The samples have been accumulating in a vault. The office decided to dip into the fund for $571,000 to process the samples after waiting for promised federal funding that was expected in June but never showed up, said Kim Norris, spokeswoman for Attorney General Jim Petro.

The state has contracted with out-of-state labs for the processing

The contracts require the private labs to process and return most of the samples within 30 days so profiles can be entered into state and national databases.

The FBI's Combined DNA Index System allows local, state and federal crime labs to exchange and compare DNA profiles. Prison inmates convicted of serious felonies, such as murder or sex crimes, must give a sample.

Authorities can use the database to match DNA from crime scenes to that of convicted offenders. But when processing is delayed, investigators say crimes can sit unsolved and repeat offenders can be released to offend again.

The attorney general's move will allow mouth-swab DNA data from 19,271 convicted offenders to be added to the database.

Sgt. David Pelphrey of the Columbus Police Division's sexual-abuse unit said that could help investigators.

"We may not get any hits off of it, or we may get a bunch," he said of the backlog. "The statistical reality is, a bigger database increases the chances of solving crimes."

The DNA backlog gained attention in June when Columbus police arrested Robert N. Patton Jr. in connection with dozens of rapes in the Linden neighborhood on the city's east side.

He was arrested based on DNA taken more than two years ago that was finally entered into the state database. Police linked him to the crimes within hours.

Patton was indicted June 18 in the rapes of 37 women, 13 of whom were attacked while his DNA sample sat waiting to be processed.
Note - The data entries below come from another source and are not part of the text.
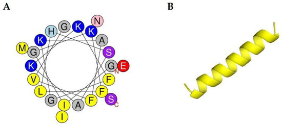 The magainin 2 sequence, observed molecular weight, hydrophobicity, hydrophobic moment, and net charge are summarized in Table 1. Magainin 2 is an antimicrobial peptide consisting of 23 amino acids with hydrophobic content, hydrophobic moment, and net charge of 0.373, 0.475, and 3, respectively. The wheel diagram and three-dimensional structure analysis predicted that the peptide contains hydrophobic residues (yellow circles) and forms an α-helix structure (Figure 1).
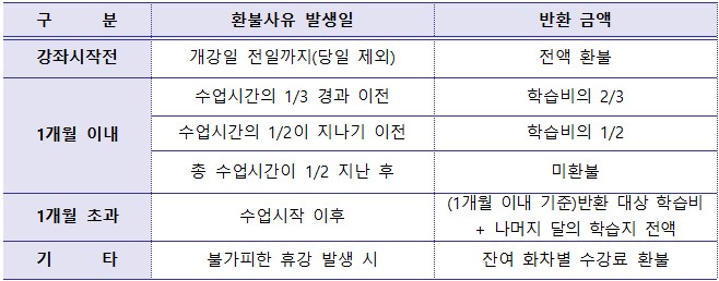 ※ 관련근거: 평생교육법 시행령 제23조 학습비 반환기준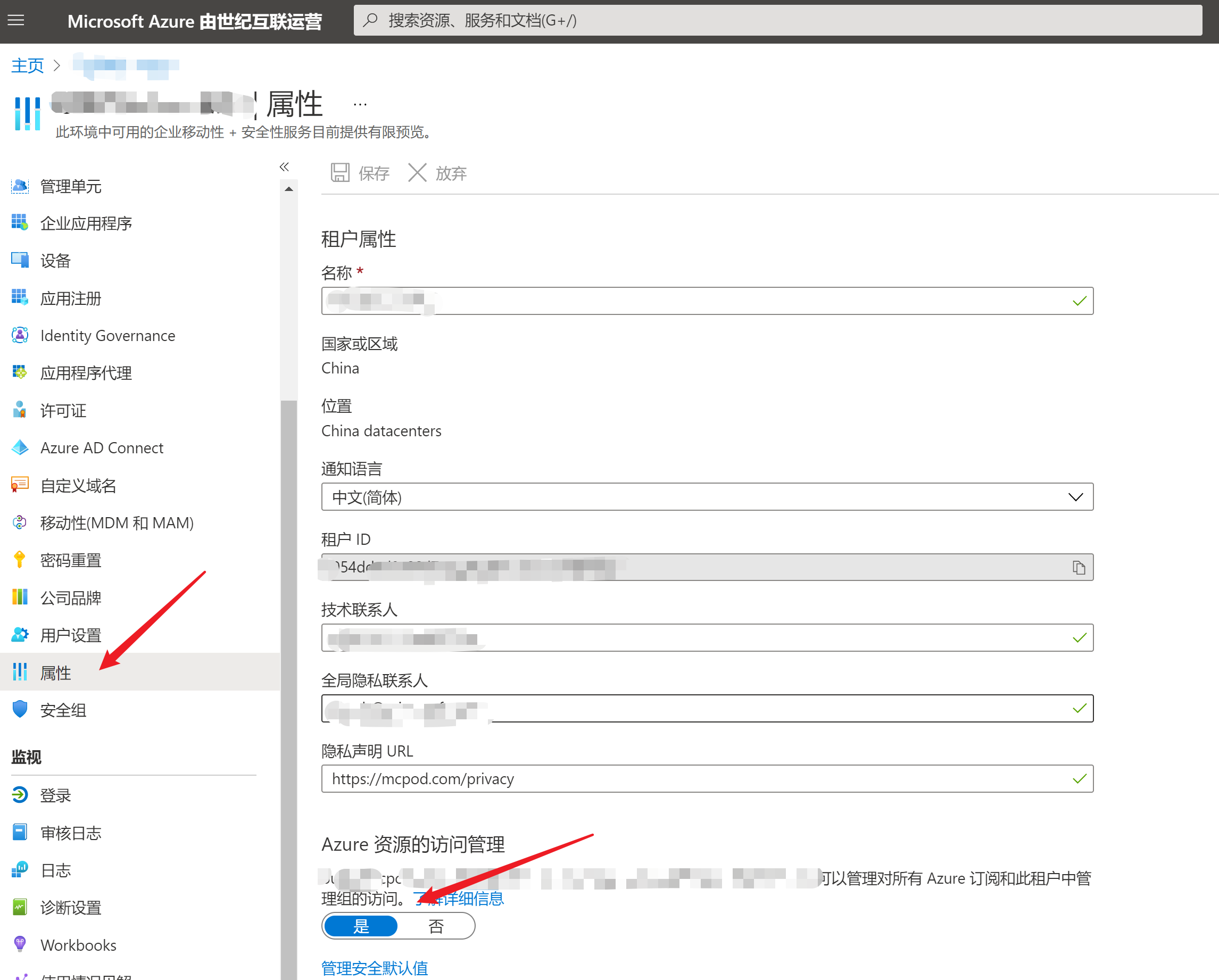 在”Azure 资源的访问管理“设置中,选择是。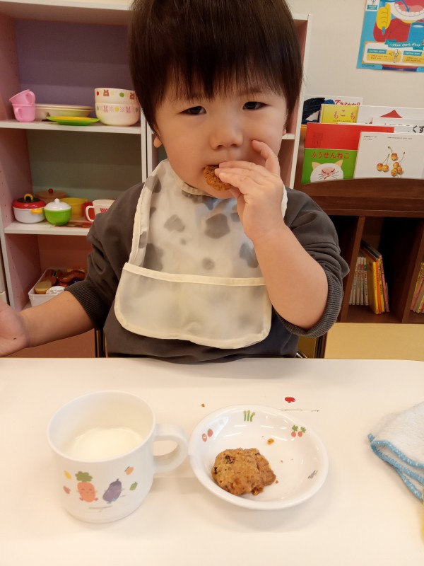 この日の午後のおやつは、牛乳・コーンフレーククッキーでした。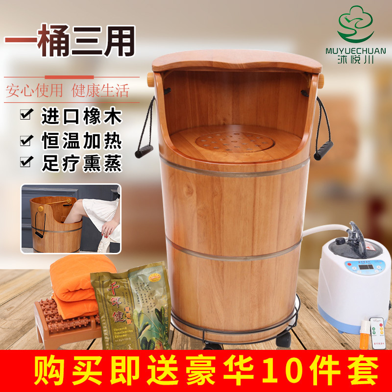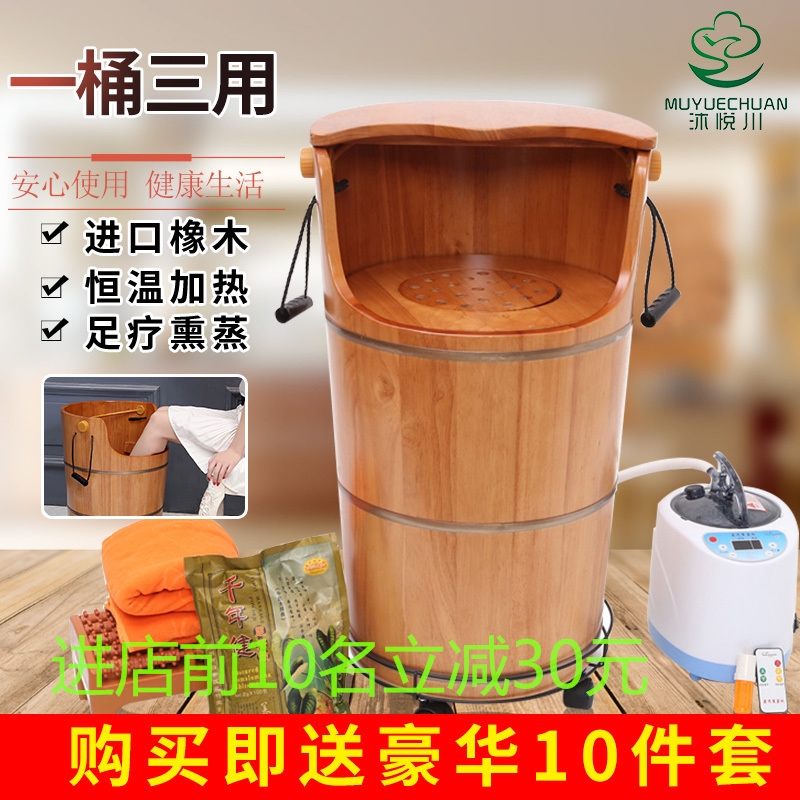 橡木熏蒸桶家用泡脚桶足浴桶蒸脚桶足浴盆泡脚盆足疗蒸汽泡脚木桶

Patton's DNA was part of 11,000 convicted-offender samples that accumulated after a federal grant for Ohio expired in mid-2001.

The state hired a lab in Utah to process the samples beginning in March with money from a new federal grant.

But that grant applied to DNA taken from inmates only through blood samples, not mouth swabs, Norris said. Federal funding for the mouth-swab backlog was expected in June but hasn't arrived.

The DNA backlog is a nationwide problem that the Bush administration last year proposed solving with $1 billion in federal funding over five years.

But states can't afford to allow DNA samples to go unprocessed while waiting for money, said Chris Asplen, who served as executive director of the U.S. attorney general's National Commission on the Future of DNA Evidence.

"The bottom line is, you've got to find a way," he said. "The federal government can't solve every state's problems. Someday, the federal government won't be making this kind of funding available. The states will have to find a way to fund it."